2019-05-27 at 13:44 #17776Change rendering intent from absolute to relative colorimetric on the plot and you can make a whitepoint-agnostic assessment of the gamut. It looks to be close to sRGB, judging from the above. Your issue is not blue, but (potentially) the saturated green-yellow-red regions of the gamut. The blue primary being quite far out also tells me this profile was probably not done with the most accurate of measurement devices, and the whitepoint seems excessively blueish, even with the calibration reducing the blue channel (and the 8-bit quantization errors in the calibration curves tell me this profile has probably been created using DataColor software).
2019-06-02 at 3:15 #17873You are completely correct.
I was unable to see many shades of yellow and things like folder icons in Windows explorer were almost invisible.
The calibration software being used was still being debugged and the device had not been properly calibrated.
Finally, I was using a calibration system (likely) even worse than DataColor.
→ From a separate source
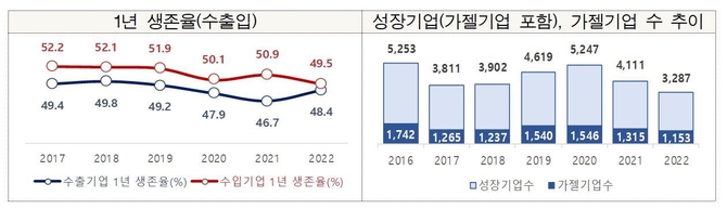수입기업 1년 생존율은 49.5%로 전년대비 1.4%p하락했으며, 5년 생존율은 18.7로 전년대비 0.2%p하락했다.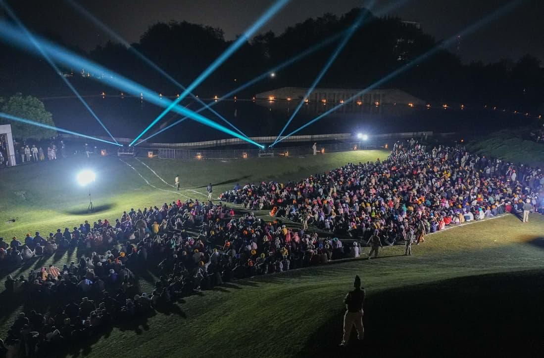 Over three thousand drones lit up the night sky, creating shining images that told the story of Guru Tegh Bahadur Ji’s life and his sacrifice for the freedom of faith. As the darkness fell, the drones rose together to form the holy Khanda Saab symbol, glowing like gold in the night sky. The crowd watched in awe and reverence.

I was using a smartphone camera’s RAW output.
Thanks to your feedback and other sources of information, I made a strong case that the application was buggy. After some changes and calibrator calibration, my monitor color profile is a lot saner and the monitor looks much more reasonable.
Thank you for your work with DisplayCAL and making it possible to see the guts of ICM files so easily. I hope to acquire a device someday that allows me to use the rest of your software.